È in questo quadro di più ampio respiro che vanno quindi ricondotte le complesse vicende che oggi ricordiamo come manifestazione della presenza della «Brigata ebraica», espressione con la quale si indica, al medesimo tempo, una specifica unità combattente – parte dell’Her Majesty’s Armed Forces («Forze Armate di Sua Maestà») o Armed Forces of the Crown («Forze Armate della Corona»), piu prosaicamente British Armed Forces – sia gli eventi e le storie ad essa si riconnettono nel periodo di tempo che va dalla Seconda guerra mondiale alla nascita d’Israele. La sua storia, infatti, è molto più complessa di quanto certe letture frettolose vorrebbero lasciare intendere. Così come la sua funzione non è circoscrivibile ai soli combattimenti ai quali pur prese parte, al pari delle più ampie operazioni alleate nelle quali venne chiamata in causa, ma a quello strategico lasso di tempo che va dal 1945 al 1948, quando la più parte dell’immigrazione ebraica nella declinante Palestina britannica era legalmente interdetta, al netto dei piccoli contingenti di migranti ai quali era invece concesso, con il contagocce, il visto di ingresso.

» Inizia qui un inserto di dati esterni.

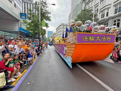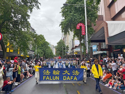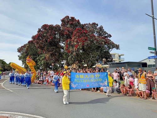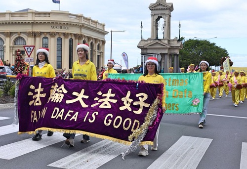 (Minghui.org) Falun Dafa practitioners in New Zealand participated in five Christmas parades in four cities on North Island and South Island on November 29 and 30, 2025. The parades were held in Auckland, Orewa of Auckland, Rotorua, Dunedin, and Invercargill.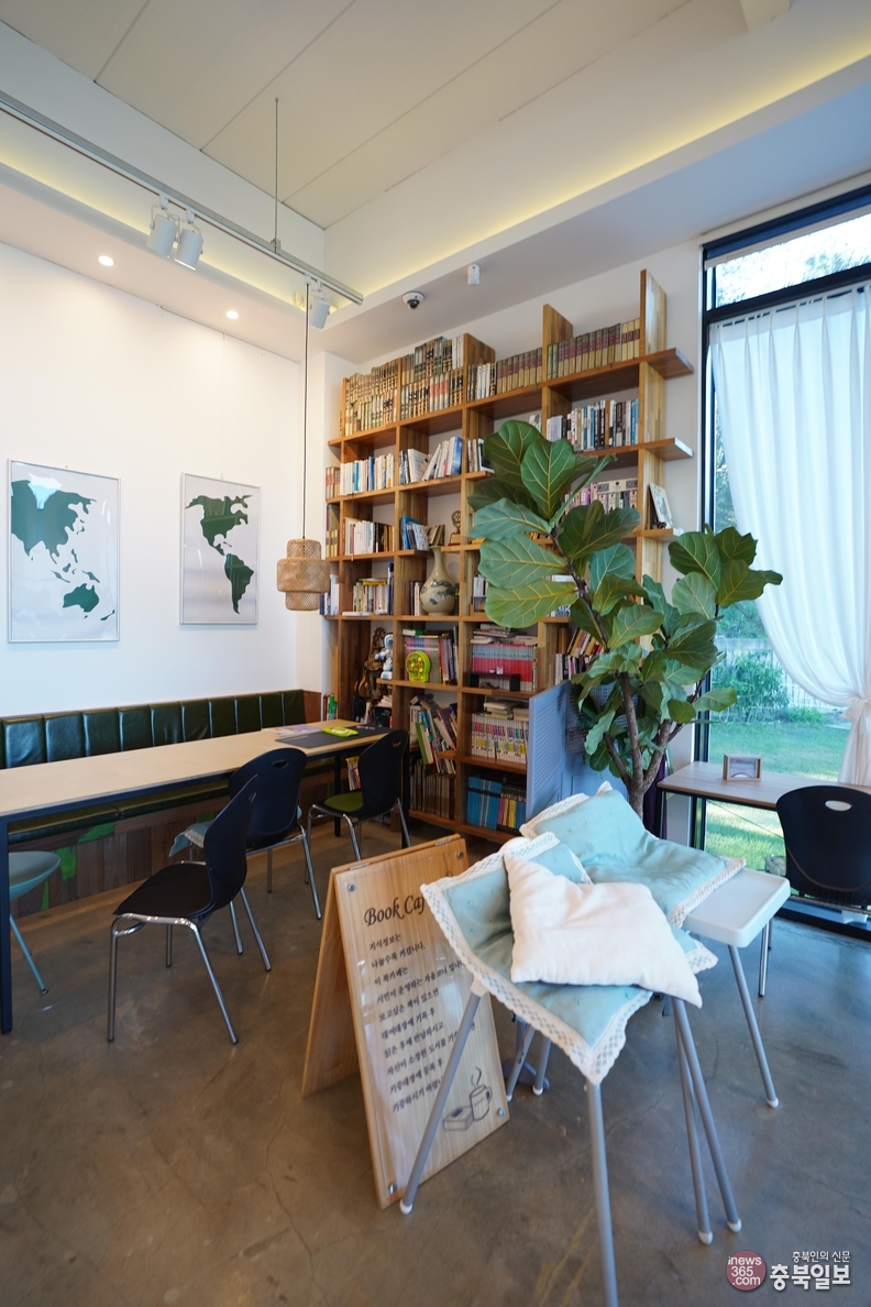 카페 한편에 마련된 책 읽는 공간은 손님들이 자발적으로 가져온 책들이 쌓여 작은 도서관을 이뤘다. 너른 잔디밭은 겨울이면 커다란 눈사람이 자리를 지키고 여름은 분수대와 간이 수영장을 설치해 손님들을 들뜨게 하는 놀이 공간이다.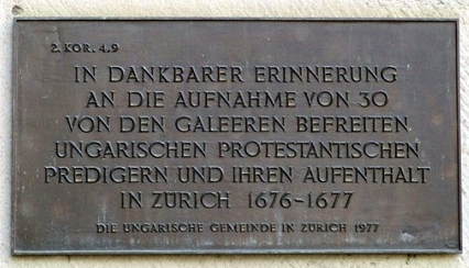 Az emléktábla szövege: Köszönetteljes emlékezettel a gályarabságból 1676–1677 között megszabadított harminc magyar protestáns igehirdető befogadásáért és zürichi tartózkodásukért. Zürich a 17–18. század fordulóján a Nápolyban kiszabadított gályarabok befogadásában betöltött szerepe által volt fontos a hazai protestáns értelmiség számára: 1676-ban harminc magyarországi evangélikus és kálvinista lelkész – kiszabadított gályarab, illetve börtönökből megváltott menekült – érkezett Zürichbe. A svájci város jelentős szerepet vállalt a gályarabok megsegítésében, ugyanis a protestáns kantonok pénzgyűjtő akciójában irányító szerepet játszott, majd ezt követően befogadta az összes üldözöttet és biztosította ellátásukat is. Ráadásul Zürichben nem csak a gályáról, hanem néhány börtönből szabadult protestáns lelkész is menedéket talált. A menekültek fele mintegy másfél évig maradt itt, míg a többiek Európa protestáns államaiba látogattak.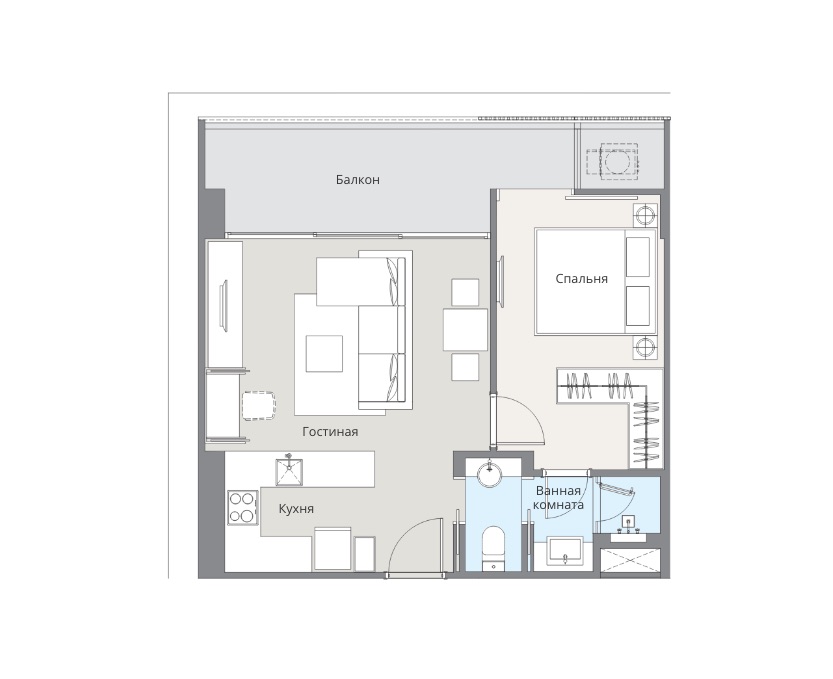 - Встроенная кухня с базовой техникой (плита и вытяжка)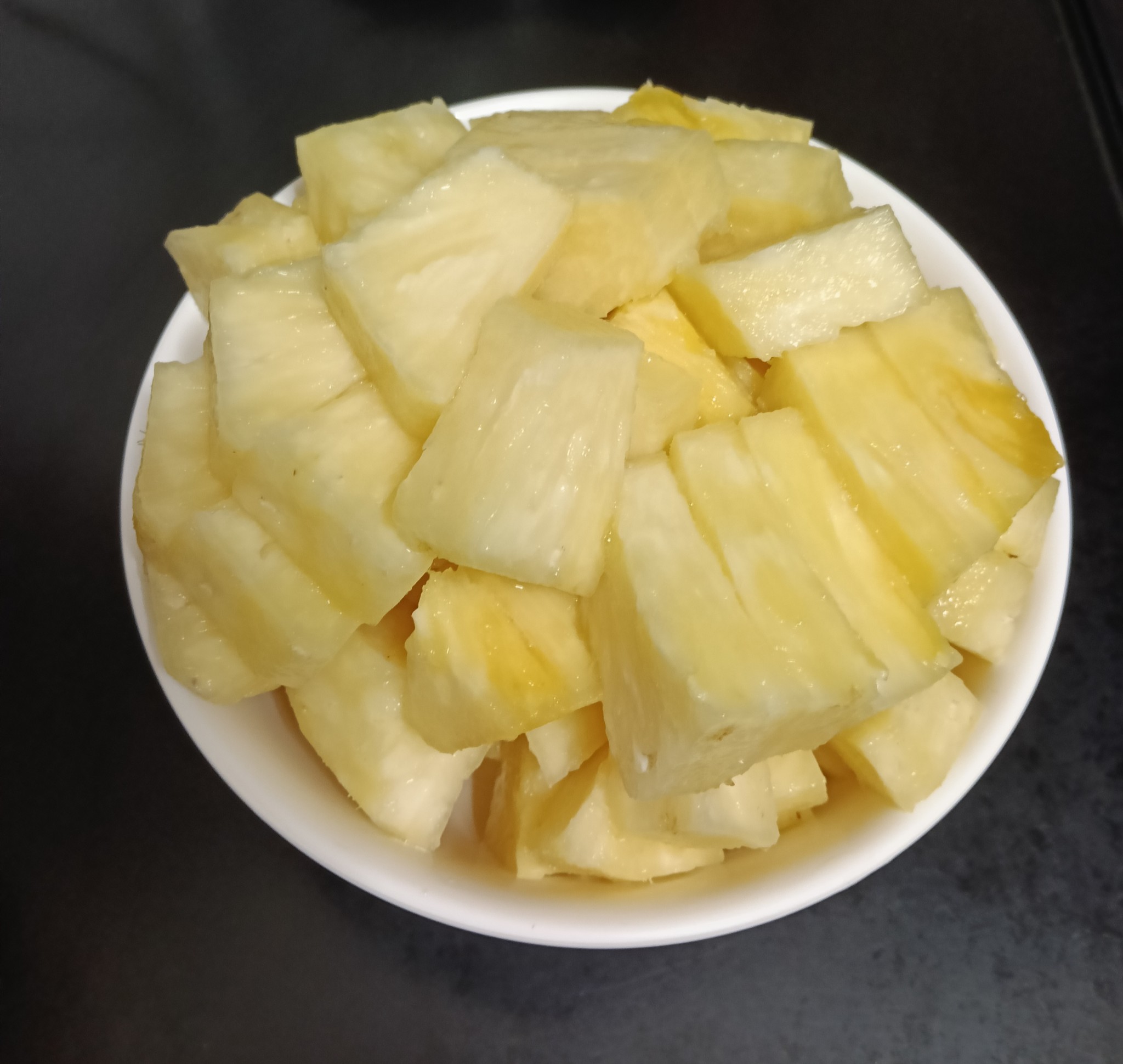 ปอกสับปะรด และหั่นเป็นชิ้นพอดีคำ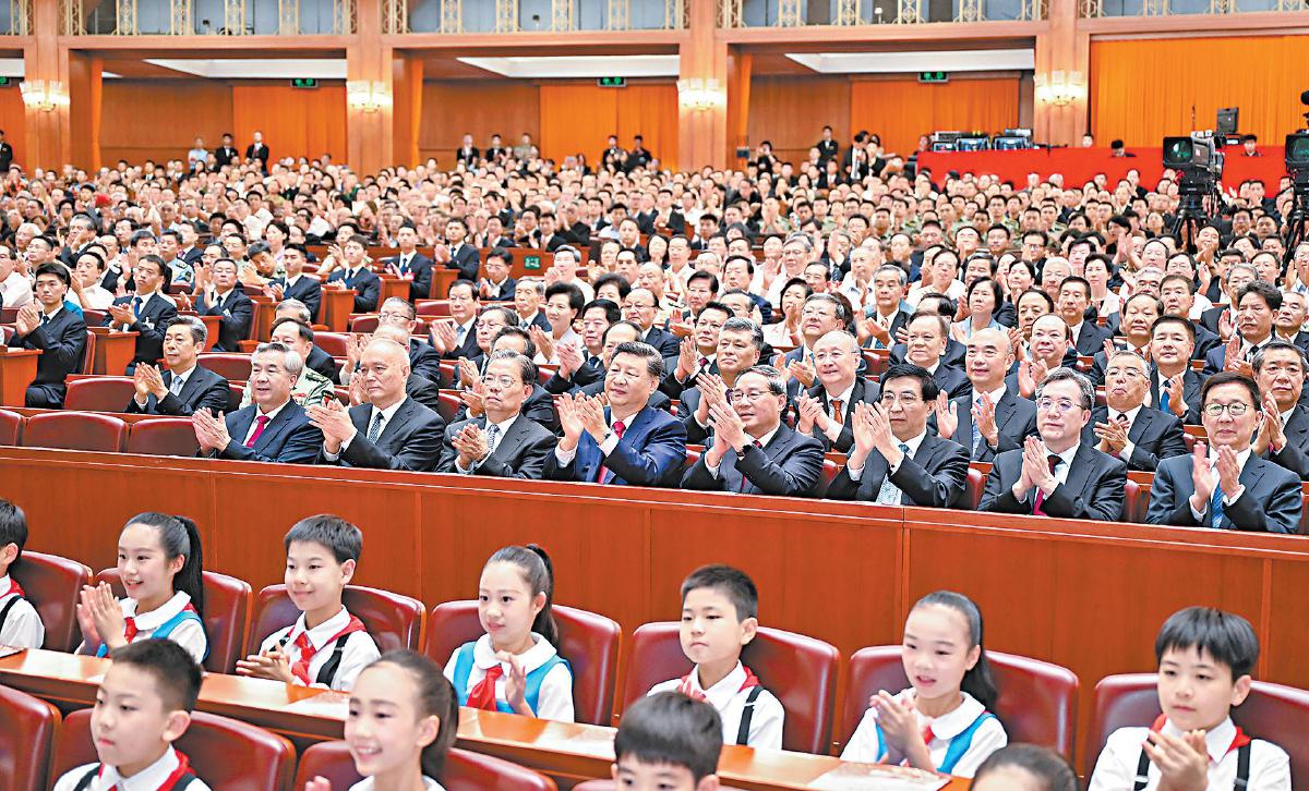 9月3日,纪念中国人民抗日战争暨世界反法西斯战争胜利80周年文艺晚会《正义必胜》在北京人民大会堂隆重举行。习近平、李强、赵乐际、王沪宁、蔡奇、丁薛祥、李希、韩正等党和国家领导人,与约6000名中外人士一起观看晚会。新华社记者 李响 摄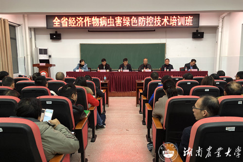本网讯(植保院 林佳欣荣 牟白洋)11月26日—28日,由湖南省植保植检站主办,我校植物保护学院承办的全省经济作物病虫害绿色防控技术培训班在16教529多媒体教室举行。来自主省14个市州、98个县(市区)植保植检站(局)的学员参加了培训。湖南省植保植检站全体站领导出席开班典礼。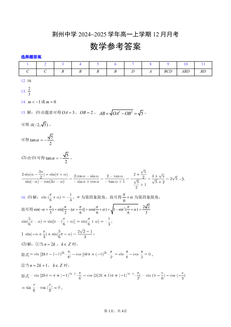 湖北省荆州中学2024-2025学年高一上学期12月月考数学答案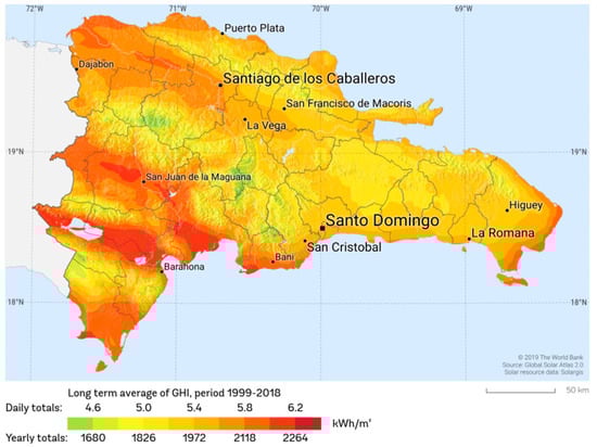 - The World Bank (2020)-Source: Global Solar Atlas 2.0-Solar Resource Data: Solargis. Solar Resource Maps of Dominican Republic. Available online: https://solargis.com/maps-and-gis-data/download/dominican-republic (accessed on 6 June 2024).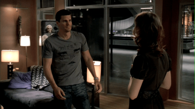 The other night, we’re watching this program, and after a family-friendly 40 minutes of the main characters trying to track down the killers of a guy who was found mostly dissolved in a bathtub full of …I want to say acid, but I think it was actually a strong base. Lye’s a base, right? “Acid” sounds cooler… anyway, after the main story is resolved, Angel Booth and Temperence are talking in her office, and I notice that Angel Booth’s shirt is written in Japanese, and then I have to pause the episode and go back to make sure that it says what I thought it said.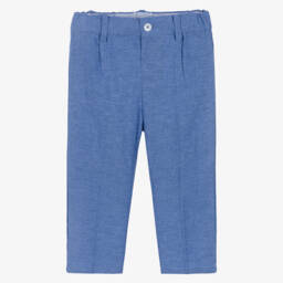 Blue trousers for little boys by Mayoral, made in a lightweight cotton and linen blend. These smart-casual trousers have an adjustable waist for an ideal fit and a simple button fastening at the front.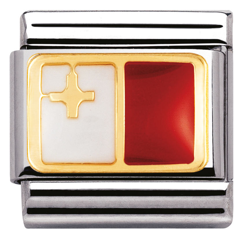 Nomination Classic sarjan Maltan lippu -pala 030234-29. Lippupalat ovat hauskoja muistoja maista, joissa olet vieraillut ja maista joita rakastat. Maltan lippu pala on valmistettu ruostumattomasta teräksestä ja 18k kullasta. Palan värikkäät yksityiskohdat ovat emalia. Nomination paloille myönnetään kahden vuoden takuu ja ne toimitetaan valmistajan alkuperäisessä pakkauksessa.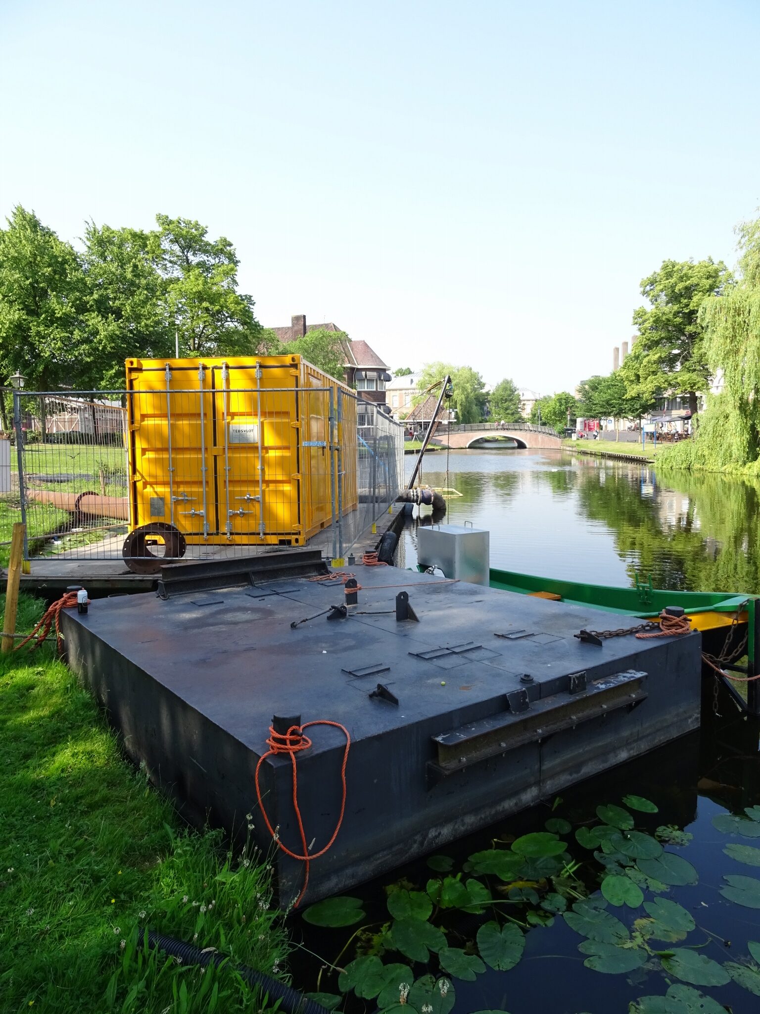 De vijf kilometer lange buis die van de bouwput aan de Lammermarkt naar een depot in de Oostvlietpolder loopt, voldoet prima. Via de buis wordt de grond afgevoerd van de ontgraving van de Lammermarkt. Daar wordt een 24 meter diepe put gemaakt voor de diepste parkeergarage die ooit in Nederland is gebouwd. Het hydraulisch transporteren van de grond voorkomt een stroom van zandwagens door Leiden. Zo’n 50 per dag en dat 57 dagen lang.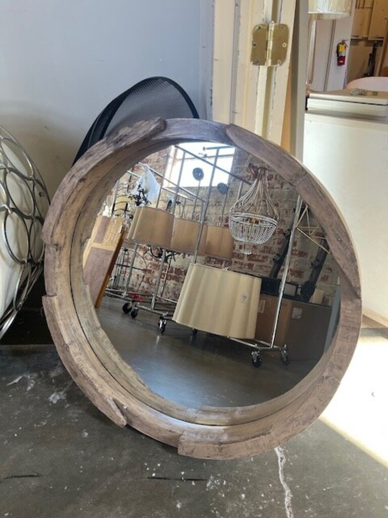 Distressed Wood Style Frame Mirror 36.5" Diam x 4"D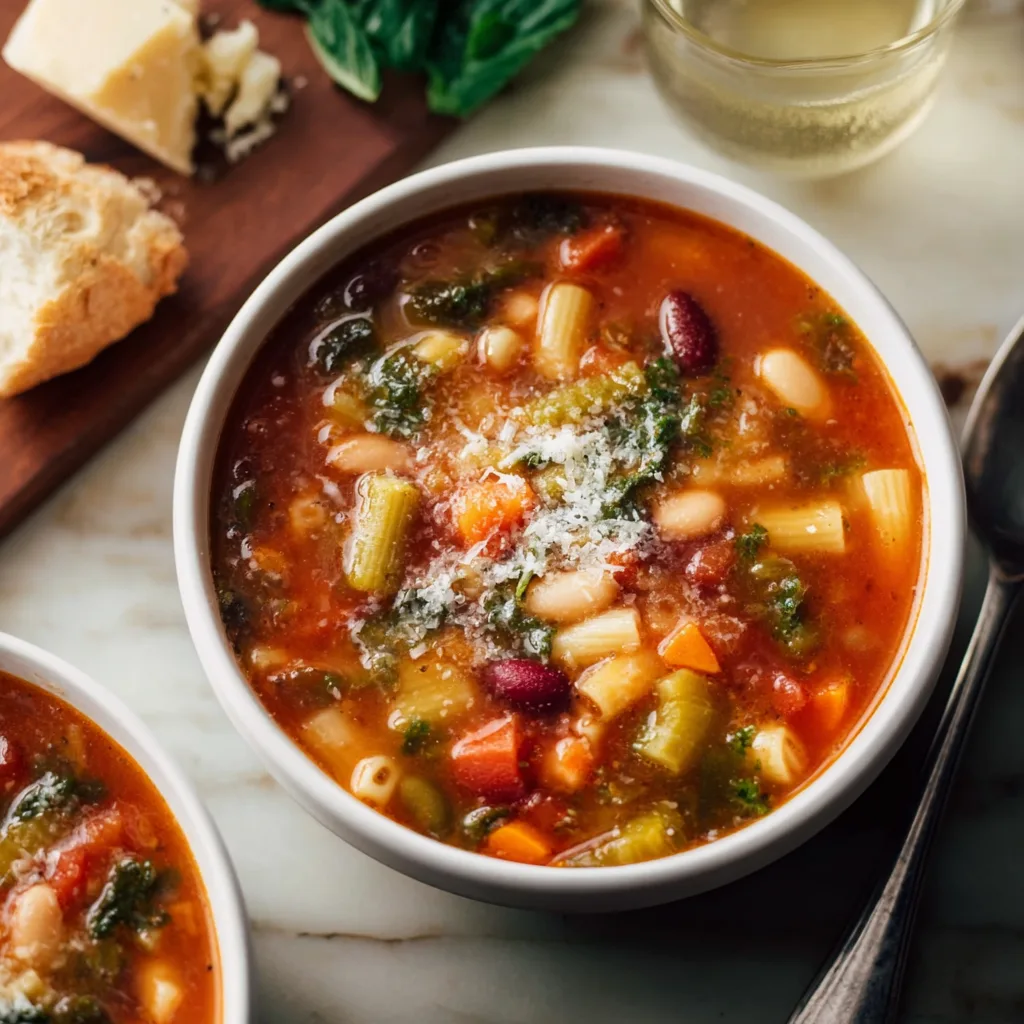 Minestrone is a traditional Italian soup that dates back centuries. It was originally a peasant dish — a clever way to use up leftover vegetables, beans, and pasta. Each region of Italy has its own version, but all share the same foundation: a tomato-based broth loaded with seasonal vegetables and herbs.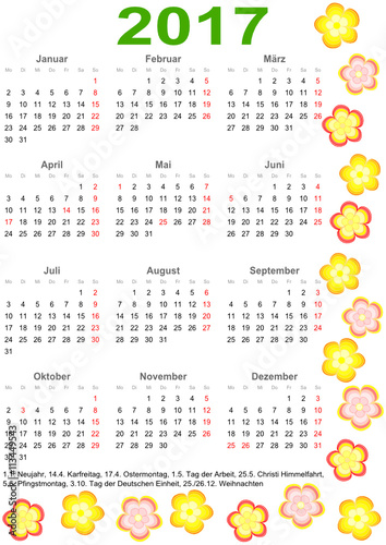 The vector illustration "Kalender 2017 für Deutschland mit Markierung und Auflistung der gesetzlichen Feiertage umrandet mit bunten Blumen" from mkabeck is available on Fotolia under a royalty-free license from 1 credit (Credit from 0.74 €).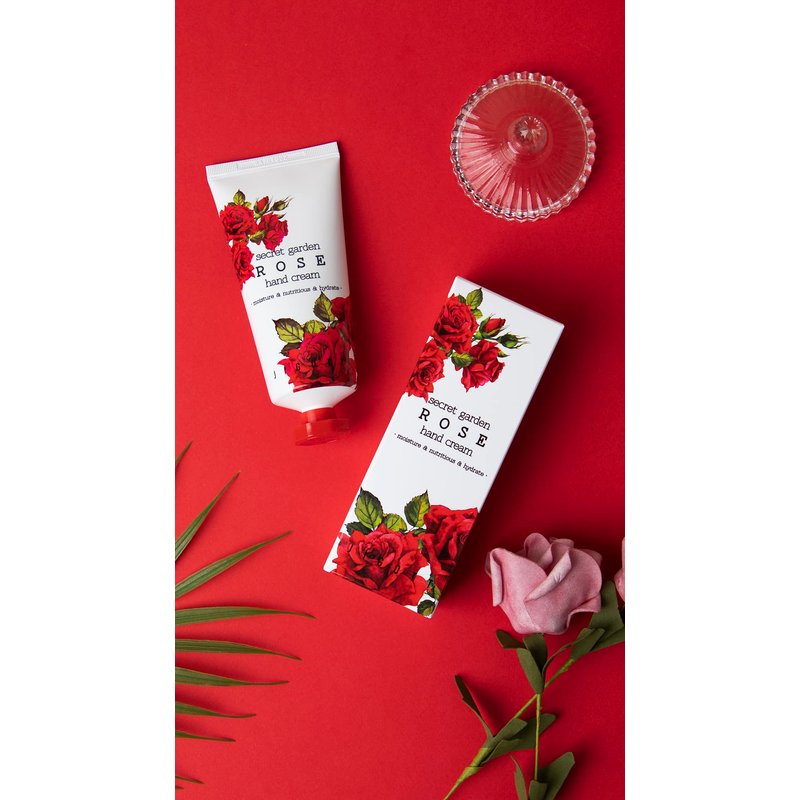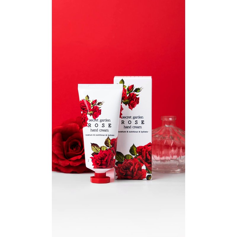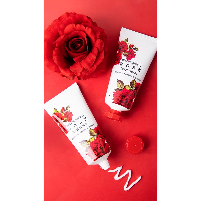 JIGOTT Secret Garden Rose Hand Cream - Korean Moisturizing Hand Lotion For Dry Hands Travel Size (Rose Scent, 3.38 Fl Oz)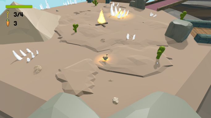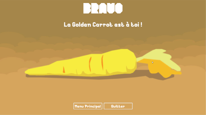 Plusieurs étudiants du master CEN et moi-même avons réalisé Golden Carrot dans sa globalité ! programmation, musiques et sons ainsi que toute la partie 3D. Le principe du jeu est assez simple : récupérer les différentes clés en surmontant des obstacles afin d'obtenir la Golden Carrot !

Più in generale, le questioni di fondo che vengono evocate in merito demandano non solo al contributo dell’ebraismo palestinese alla causa degli Alleati durante la guerra ma alla costituzione di una precisa idea di nazione indipendente (e come tale armata nonché autosufficiente nella sua difesa); alla contrapposizione rispetto ad una parte del mondo arabo, assai più attratto dalla presenza nazifascista, se non altro attribuendo a quest’ultima una funzione anticoloniale e quindi antibritannnica; alla formazione e al rodaggio di un’attività di intelligence, fortemente legata all’uso della Brigata in iniziative osteggiate dal Regno Unito (ancora una volta l’organizzazione dell’immigrazione illegale attraverso l’Europa centro-meridionale, passando per l’Italia); alla ricerca e alla punizione di una parte dei colpevoli della Shoah; alla ricostruzione di una vita comunitaria ebraica in Italia, durante e dopo la Liberazione.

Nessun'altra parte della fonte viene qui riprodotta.